Esta costumbre se hizo más poderosa y atractiva cuando se corrió la voz que de estos fragmentos eran mano de santo para el dolor de muelas. El objeto bendito era capaz de sanar, se multiplicaban los milagros. Y se reproducen igual entre las gentes de la ribera del Curueño, como en la ciudad de Astorga, o en los pueblos del Orbigo, del Esla, por supuesto en Villamañán. Y en muchos pueblos de toda la provincia.

En 1961, el arca del cautivo de Argel se instaló en la sala de Exvotos que tiene el Santuario al este de la sacristía. En el centro de la sala. Metida en una urna de cristal muy grueso, que la protege de robos, profanaciones, polvo y humedades. El arca está visible, pero ya nadie la puede palpar, ni besar, ni mondar. Y, ¿ay!, desde hace cincuenta años nadie ha podido coger una astilla del arca, y por ello tampoco su sagrada madera ha podido aliviar el dolor de los devotos.
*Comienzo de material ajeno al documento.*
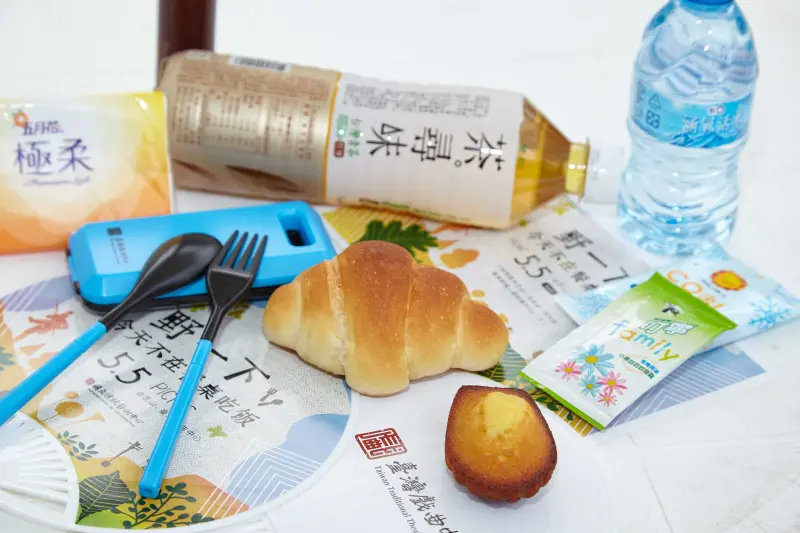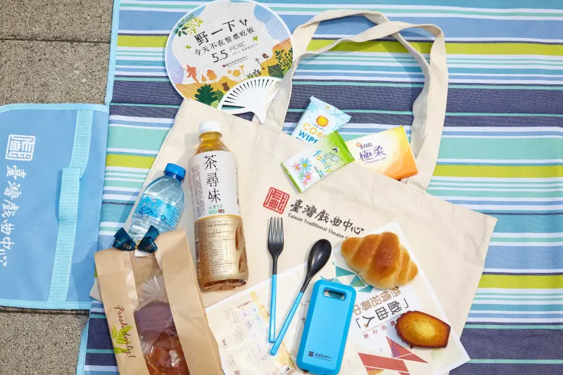 臺灣戲曲中心除了提供戶外廣場作為野餐場地之外,更貼心地為每一組報名來野餐的民眾,準備了野餐墊、環保提袋、鹹甜輕食、飲料、環保餐具組、隨身扇,甚至連濕紙巾及面紙都有呢!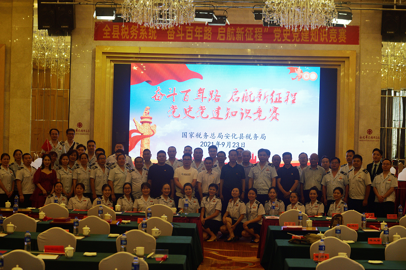 为庆祝中国共产党百年华诞,迎接中华人民共和国成立72周年,进一步推动全县税务系统党史学习教育走深走实,9月23日,安化县税务局举办“奋斗百年路 启航新征程”党史党建知识抢答赛,由各支部选派的27名选手组成9支队伍,进行了一场党史党建知识的精彩对决。县委党史学习教育巡回指导组组长李国祥、县委两新工委专职副书记宁毅、县委组织部组织科科长刘辉出席了活动。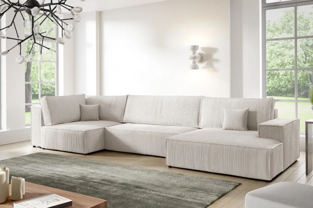 Narożniki>BROMARKT Nowoczesny narożnik do salonu w kształcie U beżowy PABLO MAXI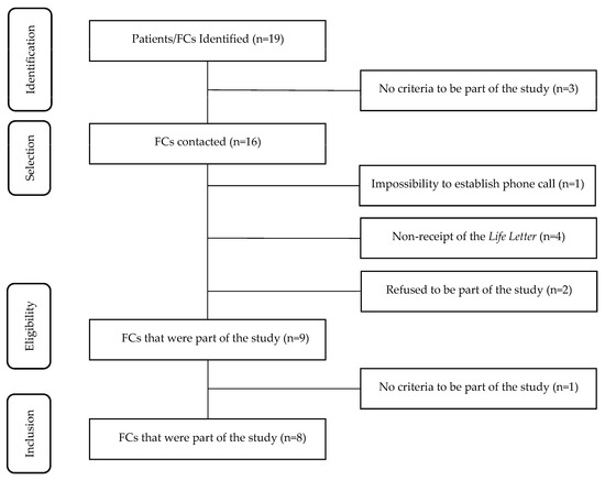 Nineteen dyads (cancer patients and FCs) that were integrated our previous studies were initially identified. Three dyads did not fulfill the 3rd inclusion criterion and were therefore excluded from the study. The 16 FCs were contacted by phone, through which they were informed about the objectives of the study and invited to participate. Only 9 FCs fulfilled all the inclusion criteria and accepted the opportunity to take part in the study. However, one of the participants was excluded during the interview stage after revealing that they did not remember the LL and presenting an incoherent and divergent speech, making data collection unfeasible (inclusion criteria 4). The final sample consisted of 8 participants (Figure 1).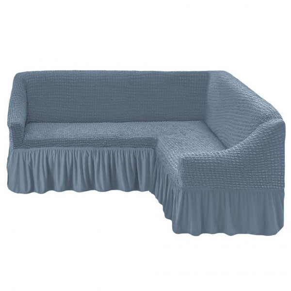 Чехол для мягкой мебели "KARTEKS" с оборкой на угловой диван с полочкой (правый), 216 Серый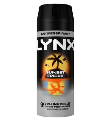 Read MoreLYNX Sunset Fresh Anti-Perspirant Aerosol keeps you smelling irresistibly fresh and feeling confident, no matter the circumstances. This men's deodorant spray boosts your fragrance game with a long-lasting mango and mandarin scent, blended with the signature LYNX effect to leave you wanting more.

Hemos hablado del traslado milagroso del arca del cautivo de Argel, de la devoción con que fue venerada como objeto religioso, y de la existencia de favores de las astillas del arca para el dolor de muelas. Nos queda otra tradición más. En Villamañán se cuenta que cuando el arca, el moro y el cristiano pasaron milagrosamente por encima del pueblo, las campanas de la iglesia sonaron solas, alegres, insistentes. El moro solo conocía los sonidos de cencerradas de rebaños pero no de campanas. Por eso aquel sonido le resultaba nuevo, extraño y se produjo un diálogo entre el moro y cristiano.
  
HISTORIA EXTRAIDA DEL LIBRO:    LEYENDAS DE LEÓN    Contadas por……….

(Jaime Rodríguez Lebrato,   sacerdote dominico)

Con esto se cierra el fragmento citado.